# Schriftgröße der PCGH Printausgabe



## Mario R. (11. August 2012)

*Schriftgröße der PCGH Printausgabe*

Hallo geehrtes Team,

zunehmend habe ich trotz korrekter Brille Schwierigkeiten die Zeitschrift zu lesen.
Ich bin nun fast 50 Lenze alt und denke das die PCGH einige Leser meiner Altersgruppe hat.
Das lesen der Artikel strengt mich zunehmend an und ich überlege nun schon eine Weile den Kauf der Zeitschrift zu unterlassen.
Zuvor möchte ich aber dieses Forum nutzen um mein Anliegen und das sicherlich nicht weniger anderer Leser hier mal Kund zu tun.
Ich wäre meinerseits gerne bereit ein paar Cent mehr für die Ausgabe zu bezahlen, mir ist auch keine weitere PC Zeitung bekannt die diesen für mich unverständlichen Weg der Kostenreduzierung geht. In Hoffnung auf eine bald wieder mit Freude lesbare PCGH mit besten Grüßen.
Mario Ried


----------



## poiu (11. August 2012)

*AW: Schriftgröße der PCGH Printausgabe*

Hi,

ich mische mich mal ein, aber vielleicht ist mein Vorschlag Prodiktiv.

erkundige dich mal, aber ich glaube Abonnenten bekommen die digitale Ausgabe kostenlos, ich glaube man kann auch nur die Digitale kaufen (bei der c´t geht das) 

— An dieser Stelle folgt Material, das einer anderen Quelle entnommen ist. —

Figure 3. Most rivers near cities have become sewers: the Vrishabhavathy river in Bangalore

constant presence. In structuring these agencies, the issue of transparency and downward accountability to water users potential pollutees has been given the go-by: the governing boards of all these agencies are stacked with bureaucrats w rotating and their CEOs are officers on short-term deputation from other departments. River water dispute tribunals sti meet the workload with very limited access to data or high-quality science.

am PC oder Tablet könntest du zoomen wie es passt


----------



## Mario R. (11. August 2012)

*AW: Schriftgröße der PCGH Printausgabe*

Hallo poiu,

nur Digital möchte ich nicht. Gehöre noch zu den Leuten die eine Zeitschrift oder ein Buch in der Hand haben wollen...
Und ein Abo kommt bei dieser Schriftgröße definitiv nicht in Frage, ich überlege ohnehin schon ob ich mir das lesen der Print noch antuen soll.... Bei anderer Schriftgröße würde ich gerne ein Abo abschließen


----------



## Orizin (11. August 2012)

*AW: Schriftgröße der PCGH Printausgabe*

Die digitale kostenlos als Abonnent? Wennst mir sagst wie und so, wäre die digitale Version sofort jedes Mal auch meine...

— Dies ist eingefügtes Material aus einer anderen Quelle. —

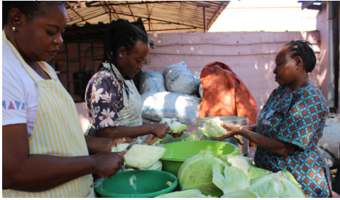
Mums help the cooks. Shredding cabbages

We are eating vegetables out of our own village gardens. This helps our budget as Ugandan food cost has skyrocketed this past 2 years ( Ukraine war ).
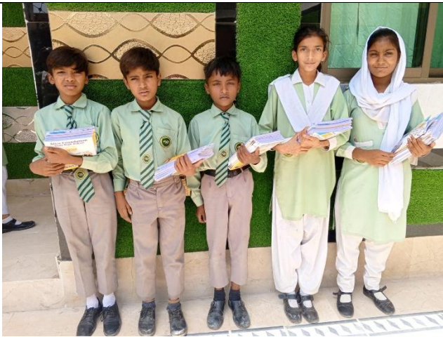
Presentation of new books, to every child, for reading and for writing.

Ich bekomm bei meinem Abo immer nur die gedruckte Ausgabe und die digitale müsste ich extra zahlen... Sehe ich eignetlich nicht ein, da ichs iPad eh dabei hab und so halt utnerwegs und zuhause lesen könnte, ohne jedes Mal das Magazin suchen zu gehen...


----------



## xTc (11. August 2012)

*AW: Schriftgröße der PCGH Printausgabe*

Ich hab den Vorschlag zum Dual-Abo bereits vor einiger Zeit geäußert, scheint aber wohl nichts drauß geworden zu sein:
[Idee/Vorschlag] Kombo-Abo: Printed + Digital

Schade eigentlich...


----------



## Mario R. (11. August 2012)

*AW: Schriftgröße der PCGH Printausgabe*

Das mit dem Dual-Abo finde ich auch ne prima Idee.
Interessiert sich die Redaktion denn nicht für die Wünsche der Leser?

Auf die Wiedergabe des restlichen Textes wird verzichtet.